The Bridge

Valence mining crystallizes understanding. The memory bank stores it. But understanding without action is just contemplation. The task system is the bridge between knowing what you want and actually building it.

A task tracker for agentic LLM workflows needs to be:

  • Simple enough that an LLM can operate it — No GUI-only interfaces. CLI-first. Text in, text out.
  • Structured enough to encode dependencies — What blocks what. What order things happen in.
  • Lightweight enough to not impose overhead — If the tool is heavier than the task, you've lost.

The Evolution: Beads → TD

Beads (The Conceptual Unlock)

The original insight: issues are linked beads. They have dependencies, sequence, hierarchy. An epic contains tasks. Tasks block other tasks. Completing one unblocks the next.

Beads was implemented as a full Go application — 180,000 lines, 3-5 second response times, complex architecture. It worked, but it was heavy.
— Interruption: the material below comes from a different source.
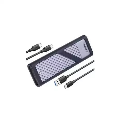 The UGREEN CM559 M.2 NVMe SSD Enclosure utilizes a USB 3.2 GEN 2 interface providing data transfer speeds of up to 10Gbps, ensuring quick access to your large files, high-resolution videos, and project backups. Supporting PCIe 3.0 with NVMe 1.3 protocol compatibility, this enclosure can accommodate NVMe M.2 SSDs with sizes 2230, 2242, 2260, and 2280, with a capacity support of up to 2TB, making it suitable for professionals handling heavy data workflows. The connector type supports M-Key and M+B Key SSDs, ensuring wide compatibility across different SSD brands. The UGREEN CM559 comes with USB C-C and USB A-C cables for universal connectivity with modern laptops, PCs, and compatible smartphones. It features an aluminium construction for durability and efficient heat dissipation during extended transfers, while maintaining a slim and lightweight form factor with dimensions of 12 x 4 x 1 millimetres, making it highly portable for travel and on-the-go usage.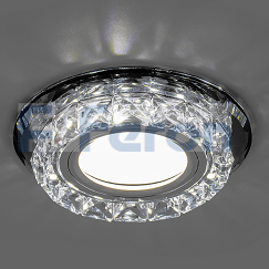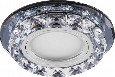 Светильник потолочный встраиваемый (ИВО) FERON CD878, под лампу с LED подсветкой 15LED*2835 SMD 4000K, MR16 G5.3, прозрачный прозрачный, круг, 100*100*30 мм, монтажный диаметр 60мм,  корпус стекло, неповоротный

TD (The Refined Implementation)

Same concept. Under 1,000 lines of Bash + SQLite. Instant response. Linear-style workflow states. Runs anywhere with a shell.

# Create a task
td create "Build landing page" -p high -t feature

# Create subtasks (epic pattern)
td sub 1 "Design header component"
td sub 1 "Implement contact form"
td sub 1 "Deploy to Cloudflare Pages"

# Move through workflow
td move 1.1 started
td close 1.1 "Header looks good"
td ready  # What's unblocked?
The Abstraction Principle

A simpler abstraction beats a heavier one. Every time. Beads proved the concept. TD proved that the concept survives compression. The 180,000 lines weren't the value — the mental model of linked, dependent, sequential issues was the value. The implementation is exhaust.

How It Works With LLMs

The task system is how you give an LLM a roadmap. Instead of one giant prompt, you break work into discrete steps with dependencies:

  1. Mine the context — Valence mine until you understand the full scope
  2. Create the epic — A parent task describing the goal
  3. Break into subtasks — Each one a discrete, completable unit
  4. Set dependencies — What blocks what
  5. Execute sequentially — Work through the ready queue one at a time

The LLM reads the task list, picks the next unblocked item, executes it, marks it done, and checks what's newly unblocked. The human reviews, redirects, and adds tasks as new understanding emerges.

Workflow States

State Type Meaning
Backlog backlog Known but not scheduled
Todo unstarted Scheduled, waiting for dependencies
In Progress started Actively being worked
Done completed Finished
Canceled canceled No longer needed

The Epic Pattern

Tasks nest naturally using dot notation:

1    Build user dashboard (epic)
1.1  ├── Design data model
1.2  ├── Create API endpoints
1.3  ├── Build frontend components
1.3.1│   ├── Header widget
1.3.2│   ├── Activity feed
1.3.3│   └── Settings panel
1.4  └── Deploy and test

The LLM sees this hierarchy and understands: 1.1 must finish before 1.2 makes sense. 1.3's subtasks can run in parallel. 1.4 waits for everything.

Task Tracking as Transpilation Input

This is where it connects to semantic transpilation. The task list is structured intent. Each task is an issue. Issues are a specialized table. The LLM reads the issues plus the context (memory bank, docs, existing code) and transpiles them into working artifacts.

The flow:

Valence Mining (understanding)
Memory Bank (stored context)
Task List (structured intent)
LLM executes task by task
Working Artifact

Getting Started With TD

  1. Install TD (single script, SQLite database)
  2. Initialize in your project: td init
  3. Create your first epic: td create "The thing you're building" -t epic
  4. Break it down: td sub 1 "First step"
  5. Tell Claude about it: "Read td list and work through the ready queue"
The Execution Loop

Understanding without action is contemplation. Action without understanding is flailing. The task system connects them: mine the context, structure the intent, execute step by step. Each completed task updates your understanding. The loop tightens.